William Flanders says he used to respond to industry inquiries about Fluvanna County by saying, "We don't have water" -- not your standard pro-business response. But now he says that rural counties have to dust off the welcome mat if they want to survive.

Fluvanna is the third fastest-growing county in Virginia, primarily due to Lake Monticello, a vast planned community that is adding about 200 new homes per year. The community's rural surroundings and Fluvanna's low taxes have attracted young families to the area, many with school-age children.

"The rapid expansion in the residential sector with no balanced expansion in the commercial sector is putting pressure on county taxes to the point where we may not be able to recover," says Flanders. His sentiment is shared by many other county officials in the bedroom communities that ring Charlottesville and Albemarle.

Forestry and farming are the backbones of these rural counties. They have a smattering of mom-and-pop businesses along major thoroughfares, but economic development rarely rises above the occasional grand opening of a Food Lion.
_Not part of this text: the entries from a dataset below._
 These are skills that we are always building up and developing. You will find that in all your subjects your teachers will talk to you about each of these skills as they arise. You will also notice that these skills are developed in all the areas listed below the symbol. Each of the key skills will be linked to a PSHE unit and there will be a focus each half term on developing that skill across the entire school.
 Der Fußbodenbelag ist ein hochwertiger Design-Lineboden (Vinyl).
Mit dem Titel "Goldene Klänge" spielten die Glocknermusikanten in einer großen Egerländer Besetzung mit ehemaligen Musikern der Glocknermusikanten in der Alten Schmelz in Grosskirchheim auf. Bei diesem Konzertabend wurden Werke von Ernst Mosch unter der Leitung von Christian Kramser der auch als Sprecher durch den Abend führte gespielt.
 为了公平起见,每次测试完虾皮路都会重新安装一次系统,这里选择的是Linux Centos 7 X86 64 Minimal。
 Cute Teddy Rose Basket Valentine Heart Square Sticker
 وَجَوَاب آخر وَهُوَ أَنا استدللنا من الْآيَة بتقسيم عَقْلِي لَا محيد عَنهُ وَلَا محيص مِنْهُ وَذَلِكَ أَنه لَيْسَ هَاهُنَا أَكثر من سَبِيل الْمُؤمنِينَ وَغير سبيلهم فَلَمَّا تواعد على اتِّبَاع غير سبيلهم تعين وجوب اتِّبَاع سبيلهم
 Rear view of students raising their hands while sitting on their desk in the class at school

Fluvanna officials have higher hopes for Zion Crossroads, an aptly named nexus of Interstate 64 and U.S. Routes 15 and 250 between Charlottesville and Richmond. The crossroads themselves are in Louisa County, but both localities are anxious to encourage commercial and industrial development on either side of the county line. Rezoning could free up about 15,000 acres for new business, but water-and-sewer access is a problem, and several engineering studies have offered no simple solutions.
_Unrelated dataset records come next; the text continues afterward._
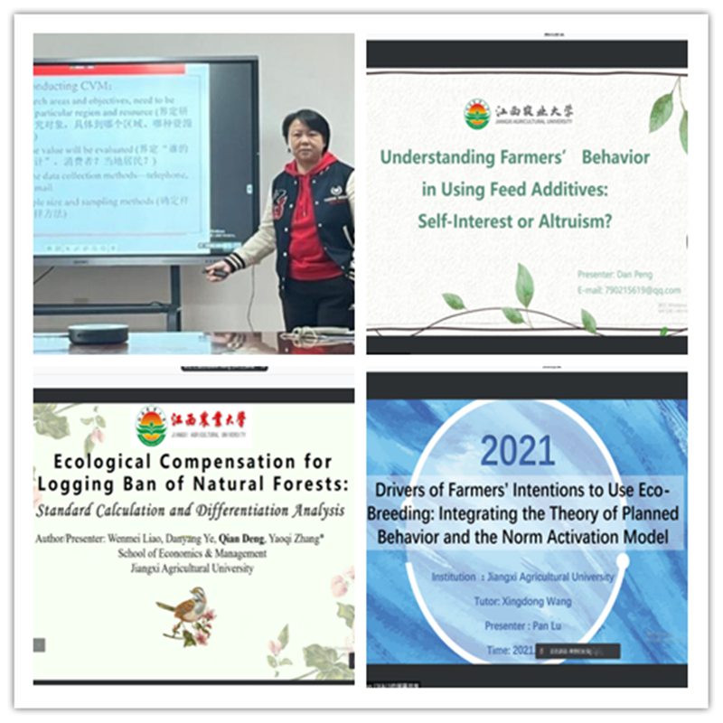 在分论坛二,江西农业大学肖智华博士、博士生邓倩、硕士生彭丹和鲁盼分别以“Evaluation Methodology for Natural and Environmental Resources”、“Ecological Compensation for Logging Ban of Natural Forests: Standard Calculation and Differentiation Analysis”、“Understanding Farmers’ Behavior in Using Feed Additives: Self-Interest or Altruism?”、 “Drivers of Farmers’ Intentions to Use Eco-Breeding: Integrating the Theory of Planned Behavior and the Norm Activation Model”为题进行了论文汇报,评论人江西财经大学周谷珍博士与江西农业大学肖智华博士对汇报论文进行了非常细致地点评。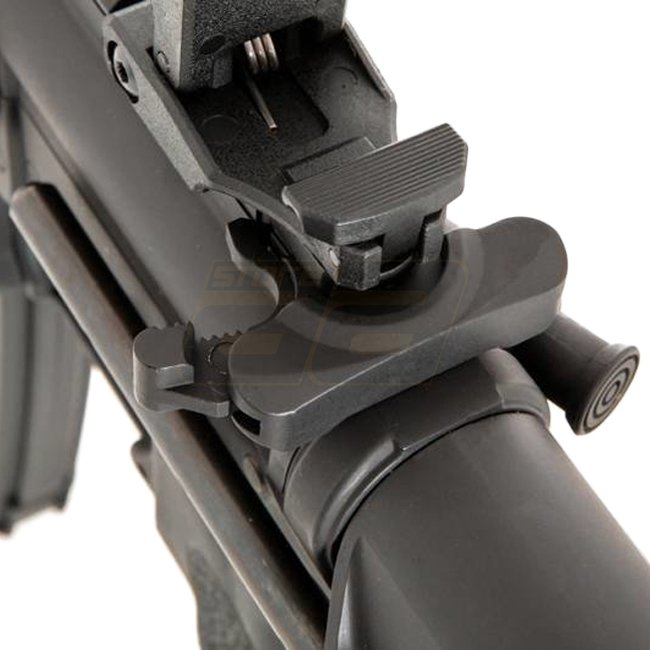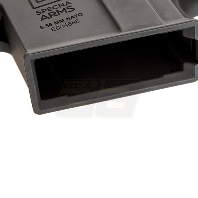 Die Modelle der Specna Arms EDGE E-Serie verfügen über ein nanobeschichtetes Metall Gehäuse. Im Innern sorgt eine robuste "ORION“ Gearbox für Zuverlässigkeit und Flexibilität, da diese mit dem "ESA“ Federschnellwechselsystem ausgestattet sind. Dadurch lässt sich die Leistung mit nur wenigen Handgriffen verändern. Des Weiteren ist die Gearbox bereits mit einem GATE X-ASR Mosfet ausgestattet. Die verbauten Teile erlauben die Verwendung unterschiedlich starker Federn (bis M140). Der 6.03mm Innenlauf kombiniert mit einer Präzisions-HopUp Unit mit umlaufendem Einstellrad sorgt für die nötige Präzision. Specna Arms liefert neben der ab Werk verbauten Feder eine zusätzliche M90 Feder mit, womit sich die Leistung der AEG auf ca. 310 FPS reduzieren lässt.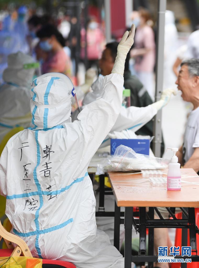 6月12日,在广州荔湾区白鹤洞街广钢新城,医务人员举手示意居民前来进行核酸检测采样。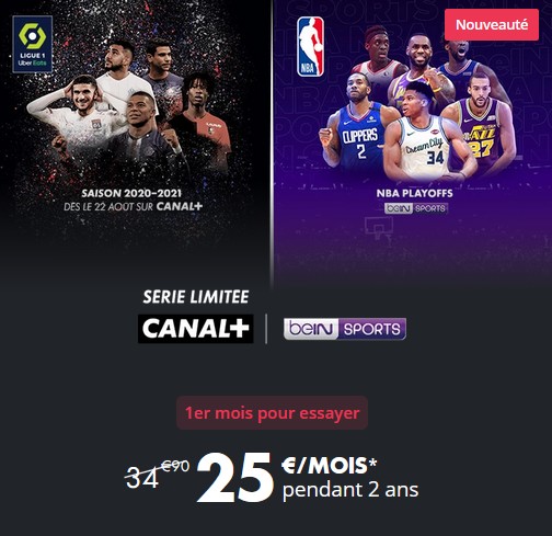 L’offre Canal+ / beIN SPORTS revient à 25 euros par mois, au lieu de 34,90 euros, avec un engagement de deux ans. Celle-ci est également proposée en 100 % Digital (ordinateur, smartphone, tablette, etc.) sans engagement à 30 euros par mois au lieu de 34,90 euros ou à 15 euros par mois au lieu de 24,95 euros pour les moins de 26 ans.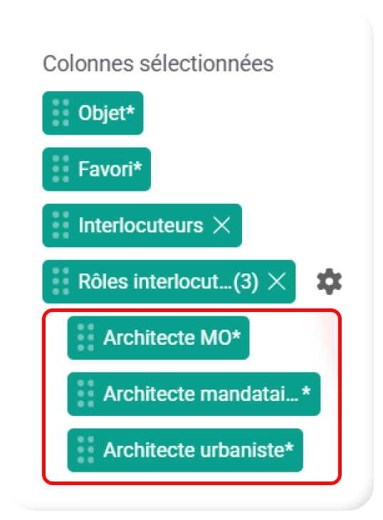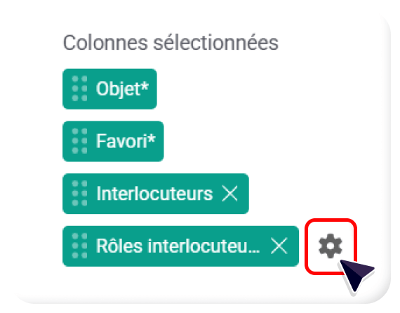 - Les champs viennent s’ajouter dans « Colonnes sélectionnées », à droite de la pop-up. Cliquez ensuite sur la petite roue crantée et sélectionnez les colonnes à afficher :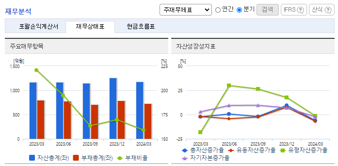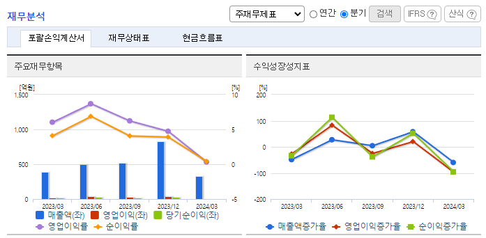 -2024년 3월 전년동기 대비 연결기준 매출액은 16% 감소, 영업이익은 95.5% 감소, 당기순이익은 91.9% 감소. 유지보수 등 사업부문은 21.84% 증가했지만, 네트워크 사업 부문이 71.53%, SW 및 라이선스 사업 부문이 61.27% 감소하면서 외형 성장에 악영향을 줌. 네트워크 분야의 우수한 엔지니어 인재 영입, 공채 활용을 통한 신규 채용을 확대하여 경쟁우위를 높여갈 예정임.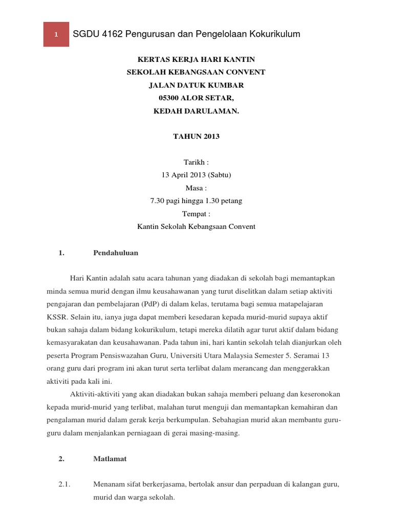 . Hari Kantin itu dirasmikan oleh pengerusi Persatuan Ibu Bapa dan Guru. KERTAS KERJA HARI KANTIN SEKOLAH MENENGAH KEBANGSAAN JALAN KEBUN SEKSYEN 32 SHAH ALAM SELANGOR DARUL EHSAN 10 PENDAHULUAN Pada tahun. JAWATANKUASA KANTIN SAMTAJ SG.

County officials want to build a 35-mile pipeline from the James River, but residents continue to shoot down the project because they believe it would suck up too many tax dollars. Engineers estimate that the pipeline would cost $20 million to $24 million -- "peanuts compared to what we could attract," Flanders maintains.

Greene County, which also faces a severe tax-base imbalance, is having better luck with its waterworks. A long overdue public sewer system is under construction in Ruckersville, a country crossroads that supports a burgeoning hodgepodge of commercial growth.
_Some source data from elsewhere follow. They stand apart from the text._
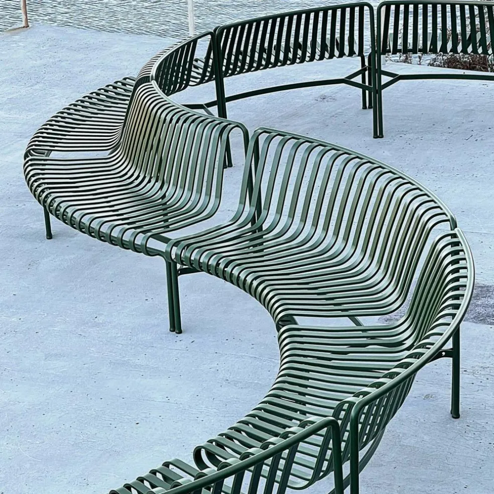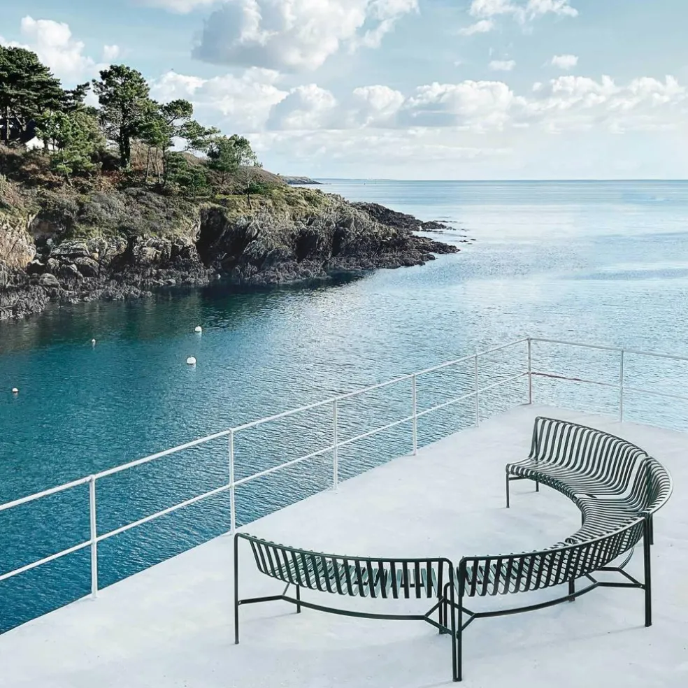 Das Palissade Dining Park Bench In/In 2er Set wurde von Erwan und Ronan Bouroullec für die Marke HAY entworfen. Es reiht sich in eine formschöne Kollektion an stilvollen Outdoormöbeln ein. Die Serie, die aus verschiedenen Modulen besteht, gibt es seit dem Jahr 2022.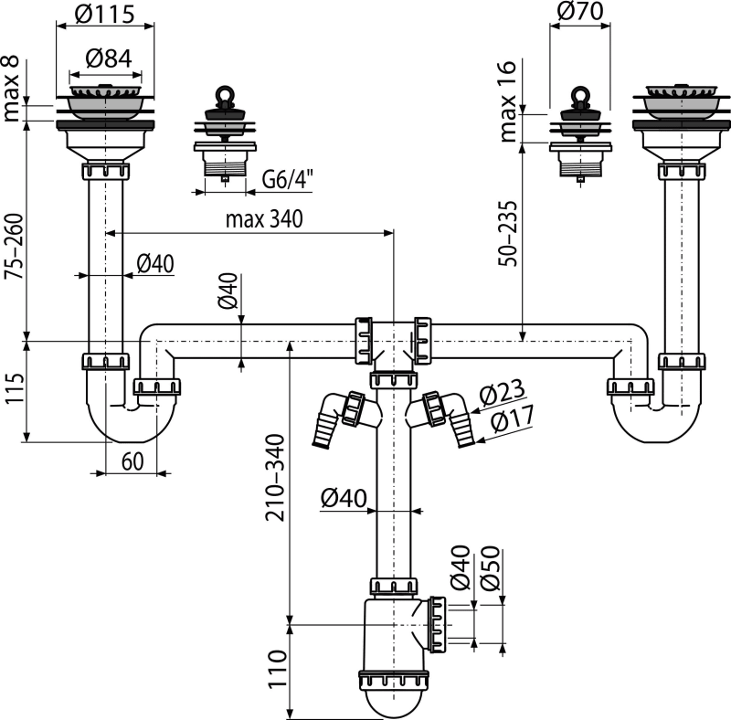 - Jednotlivé části lze použít jako náhradní díly pro dřezové sifony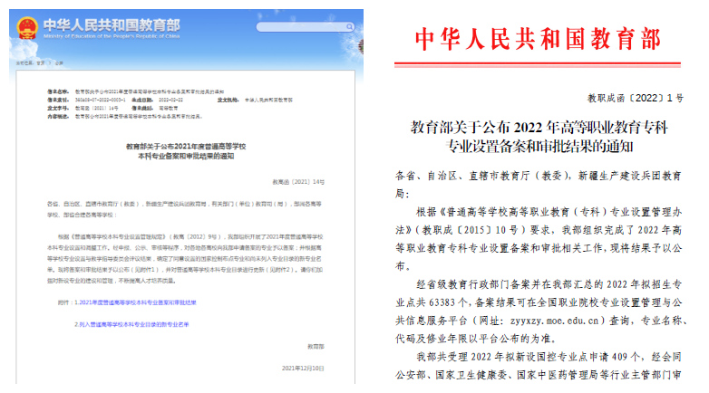 根据教育部《关于公布2021年度普通高等学校本科专业备案和审批结果的通知》(教高函〔2021〕14号)《关于公布2022年高等职业教育专科专业设置备案和审批结果的通知》(教职成函〔2022〕1号),学校申报的小学教育(040107)...

County officials also hope to divert some of the tourism dollars spent in Charlottesville and Albemarle County. "Greene County is working on being the gateway to the Blue Ridge," says Brett Sheffield, a business analyst for the Central Virginia Small Business Development Center. "They want to become a day-trip destination for parkway people." Entrepreneurs in Greene County are enthusiastic about the idea, and they're already opening antique stores and bed-and-breakfast inns.

* * *

The politics of economic development in the Northern Piedmont are complicated. Pro-growth groups contend that the region must expand its business base to provide better jobs and lower taxes. Environmental groups counter that suburban sprawl is al-ready eroding the area's beauty, charm and natural resources.

Both sides are right.

In the greater Charlottesville area, however, the environmentalists and the economic developers are at least talking and listening to each other. The Thomas Jefferson Sustainability Council -- composed of farmers, environmentalists, developers, business people and local officials -- is trying to find ways to balance population growth and economic development with an imperative to preserve the Northern Piedmont's natural resources.

"Most counties recognize that 'no growth' is not a realistic position," says DiMauri, who promotes cooperative economic development efforts in the region. "Some form of managed growth is now the way to go. The question is, how do you allow it to happen in a way that is positive for the community?"